**WHAT IS REQUIRED:** Omit all pictures, then retype the data exactly as given.

**DATASET SECTION:**

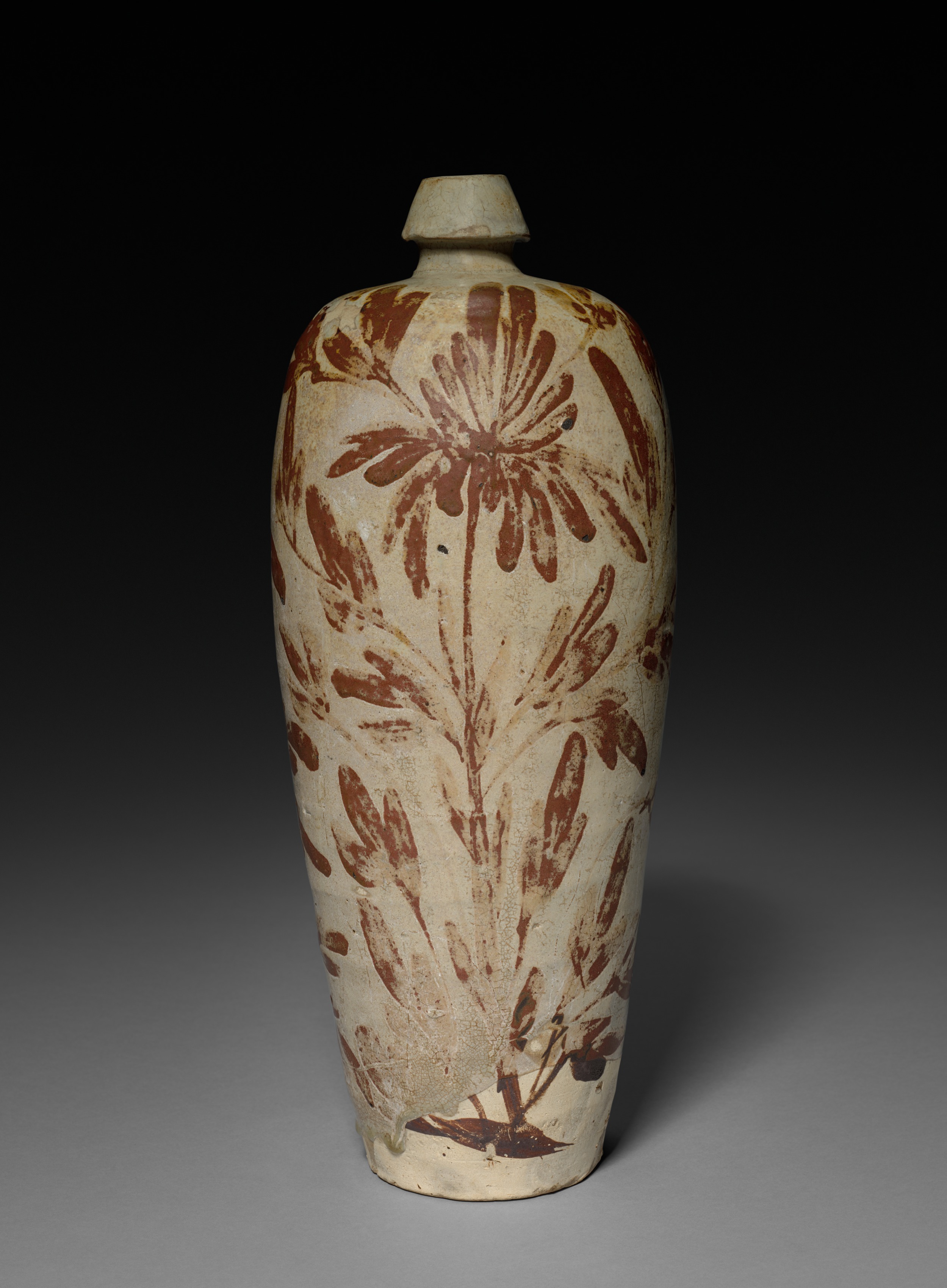 The vase is a tall, narrow ceramic piece with a light beige or off-white color. The vase has a wide body that tapers slightly towards the bottom and a short, narrow neck with a small opening at the top. The vase features a brown floral design painted on its surface. The design consists of several large flowers with long stems and leaves. The background of the image is dark, with a gradient that transitions from black at the top to gray at the bottom. The vase casts a shadow on the surface below it.
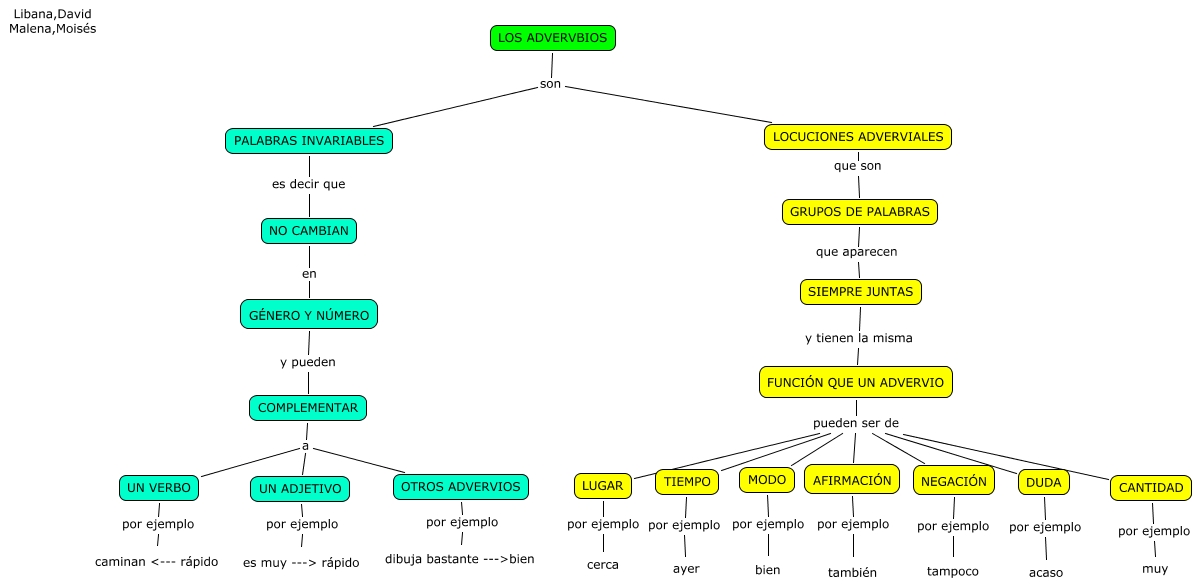 Este Cmap, tiene información relacionada con: ADVERBIOS-libana,malena,david y moisés, AFIRMACIÓN por ejemplo también, PALABRAS INVARIABLES es decir que NO CAMBIAN, LOS ADVERVBIOS son PALABRAS INVARIABLES, LUGAR por ejemplo cerca, UN ADJETIVO por ejemplo es muy ---> rápido, COMPLEMENTAR a OTROS ADVERVIOS, FUNCIÓN QUE UN ADVERVIO pueden ser de CANTIDAD, GRUPOS DE PALABRAS que aparecen SIEMPRE JUNTAS, NEGACIÓN por ejemplo tampoco, LOS ADVERVBIOS son LOCUCIONES ADVERVIALES, TIEMPO por ejemplo ayer, NO CAMBIAN en GÉNERO Y NÚMERO, UN VERBO por ejemplo caminan <--- rápido, FUNCIÓN QUE UN ADVERVIO pueden ser de TIEMPO, LOCUCIONES ADVERVIALES que son GRUPOS DE PALABRAS, MODO por ejemplo bien, FUNCIÓN QUE UN ADVERVIO pueden ser de AFIRMACIÓN, FUNCIÓN QUE UN ADVERVIO pueden ser de MODO, CANTIDAD por ejemplo muy, OTROS ADVERVIOS por ejemplo dibuja bastante --->bien
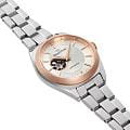 Женские механические часы с автоподзаводом Orient Star — изящный скелетон в японском исполнении. Корпус из нержавеющей стали. БезельБезельВнешний ободок, закрепляющий стекло. В спортивных часах так называется поворотное кольцо с делениями на циферблате, выполняет роль таймера – замеряет отрезки времени на шкале. Неподвижный безель – элемент декора. Однонаправленно вращающийся безель на дайверских часах позволяет фиксировать моменты погружения и выныривания на поверхность. из нержавеющей стали с IP-покрытиемIP-покрытиеМетод ионного напыления. Демонстрирует повышенную устойчивость к истиранию, окислению и химическим веществам. Под воздействием высокого давления и температуры около 1500°C молекулы металла надёжно соединяются с частицами корпуса часов. цвета розового золота, диаметром 30 мм. Циферблат — серебристый, с текстурой Sunray, штриховыми метками и кристаллом на отметке 12; сквозь прозрачное окошко виден баланс механизма. Стекло — сапфировоеСапфировое стеклоПрочный и надёжный материал из кристалла сапфира синтетического происхождения, характеризующийся особой твёрдостью и устойчивостью к царапинам и повреждениям. с антибликовым покрытием. Браслет — стальной 316L на раскладной застёжкеРаскладная застёжкаТакой тип застёжки используется только на браслетах из металла. Она никогда не раскрывается полностью, происходит разделение на 2 и более частей. Раскладывающая застёжка снизит вероятность потери часов к минимуму.. Водонепроницаемость 50 м. Идеальный выбор для тех, кто ценит японское качество и утончённый дизайн.
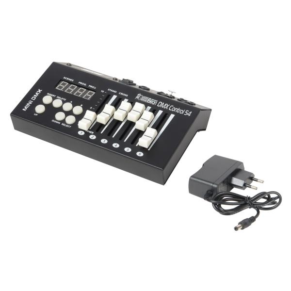 Пульт GreenBean DMX Control 54 предназначен для управления осветительными и другим студийным оборудованием по протоколу DMX 512, позволяет управлять одновременно 9 приборами по 6 каналам управления, где каждый канал — это отдельный параметр управления. К примеру, запуск дым-машины, яркость освещения или цветовая температура в биколорных источниках света, режим стробоскопа или цвет освещения в RGB LED-осветителях, прожекторах и т.д. С этого пульта вы сможете менять яркость освещения и запускать светоцветовые схемы дистанционно. Производитель светового оборудования не имеет значения, достаточно чтоб оборудование поддерживало протокол DMX 512. К примеру, осветители светодиодные GreenBean LedFlow 4х2ft DMX , GreenBean Fresnel 200 LED X3 DMX, StudioLight 300 LED DMX поддерживают протокол DMX. Крупный 4-разрядный LCD-дисплей размером 32х16 мм помогает пользователю настроить необходимые параметры и управлять оборудованием в ручном режиме или режиме программного управления. Возможно одновременное ручное управление в режиме Select. Питание пульта DMX осуществляется от стандартной сети 220В, сетевой адаптер =9В входит в комплект. В случае прекращения питания пульт управления может питаться от батареи 6LR61 и проработать еще около 4 часов. На тыльной стороне пульта DMX расположен тумблер переключения питания (включения/выключения сети), два разъема DMX (3-pin male/female) для подключения различного оборудования и гнездо питания DC. Компактный пульта DMX в алюминиевом корпусе размером 20.0х12.5х5.0 см можно держать в руке, перемещаясь по помещению, или установить на стол. Вес пульта не превышает 0.7 кг. Для беспроводного управления приборами с этого пульта следует приобрести DMX передатчик и DMX приемники, например GreenBean AirDMX 512R PRO или GreenBean AirDMX 512T PRO. Особенности

**RESULT OF THE EXERCISE:**
 The vase is a tall, narrow ceramic piece with a light beige or off-white color. The vase has a wide body that tapers slightly towards the bottom and a short, narrow neck with a small opening at the top. The vase features a brown floral design painted on its surface. The design consists of several large flowers with long stems and leaves. The background of the image is dark, with a gradient that transitions from black at the top to gray at the bottom. The vase casts a shadow on the surface below it.
 Este Cmap, tiene información relacionada con: ADVERBIOS-libana,malena,david y moisés, AFIRMACIÓN por ejemplo también, PALABRAS INVARIABLES es decir que NO CAMBIAN, LOS ADVERVBIOS son PALABRAS INVARIABLES, LUGAR por ejemplo cerca, UN ADJETIVO por ejemplo es muy ---> rápido, COMPLEMENTAR a OTROS ADVERVIOS, FUNCIÓN QUE UN ADVERVIO pueden ser de CANTIDAD, GRUPOS DE PALABRAS que aparecen SIEMPRE JUNTAS, NEGACIÓN por ejemplo tampoco, LOS ADVERVBIOS son LOCUCIONES ADVERVIALES, TIEMPO por ejemplo ayer, NO CAMBIAN en GÉNERO Y NÚMERO, UN VERBO por ejemplo caminan <--- rápido, FUNCIÓN QUE UN ADVERVIO pueden ser de TIEMPO, LOCUCIONES ADVERVIALES que son GRUPOS DE PALABRAS, MODO por ejemplo bien, FUNCIÓN QUE UN ADVERVIO pueden ser de AFIRMACIÓN, FUNCIÓN QUE UN ADVERVIO pueden ser de MODO, CANTIDAD por ejemplo muy, OTROS ADVERVIOS por ejemplo dibuja bastante --->bien
 Женские механические часы с автоподзаводом Orient Star — изящный скелетон в японском исполнении. Корпус из нержавеющей стали. БезельБезельВнешний ободок, закрепляющий стекло. В спортивных часах так называется поворотное кольцо с делениями на циферблате, выполняет роль таймера – замеряет отрезки времени на шкале. Неподвижный безель – элемент декора. Однонаправленно вращающийся безель на дайверских часах позволяет фиксировать моменты погружения и выныривания на поверхность. из нержавеющей стали с IP-покрытиемIP-покрытиеМетод ионного напыления. Демонстрирует повышенную устойчивость к истиранию, окислению и химическим веществам. Под воздействием высокого давления и температуры около 1500°C молекулы металла надёжно соединяются с частицами корпуса часов. цвета розового золота, диаметром 30 мм. Циферблат — серебристый, с текстурой Sunray, штриховыми метками и кристаллом на отметке 12; сквозь прозрачное окошко виден баланс механизма. Стекло — сапфировоеСапфировое стеклоПрочный и надёжный материал из кристалла сапфира синтетического происхождения, характеризующийся особой твёрдостью и устойчивостью к царапинам и повреждениям. с антибликовым покрытием. Браслет — стальной 316L на раскладной застёжкеРаскладная застёжкаТакой тип застёжки используется только на браслетах из металла. Она никогда не раскрывается полностью, происходит разделение на 2 и более частей. Раскладывающая застёжка снизит вероятность потери часов к минимуму.. Водонепроницаемость 50 м. Идеальный выбор для тех, кто ценит японское качество и утончённый дизайн.
 Пульт GreenBean DMX Control 54 предназначен для управления осветительными и другим студийным оборудованием по протоколу DMX 512, позволяет управлять одновременно 9 приборами по 6 каналам управления, где каждый канал — это отдельный параметр управления. К примеру, запуск дым-машины, яркость освещения или цветовая температура в биколорных источниках света, режим стробоскопа или цвет освещения в RGB LED-осветителях, прожекторах и т.д. С этого пульта вы сможете менять яркость освещения и запускать светоцветовые схемы дистанционно. Производитель светового оборудования не имеет значения, достаточно чтоб оборудование поддерживало протокол DMX 512. К примеру, осветители светодиодные GreenBean LedFlow 4х2ft DMX , GreenBean Fresnel 200 LED X3 DMX, StudioLight 300 LED DMX поддерживают протокол DMX. Крупный 4-разрядный LCD-дисплей размером 32х16 мм помогает пользователю настроить необходимые параметры и управлять оборудованием в ручном режиме или режиме программного управления. Возможно одновременное ручное управление в режиме Select. Питание пульта DMX осуществляется от стандартной сети 220В, сетевой адаптер =9В входит в комплект. В случае прекращения питания пульт управления может питаться от батареи 6LR61 и проработать еще около 4 часов. На тыльной стороне пульта DMX расположен тумблер переключения питания (включения/выключения сети), два разъема DMX (3-pin male/female) для подключения различного оборудования и гнездо питания DC. Компактный пульта DMX в алюминиевом корпусе размером 20.0х12.5х5.0 см можно держать в руке, перемещаясь по помещению, или установить на стол. Вес пульта не превышает 0.7 кг. Для беспроводного управления приборами с этого пульта следует приобрести DMX передатчик и DMX приемники, например GreenBean AirDMX 512R PRO или GreenBean AirDMX 512T PRO. Особенности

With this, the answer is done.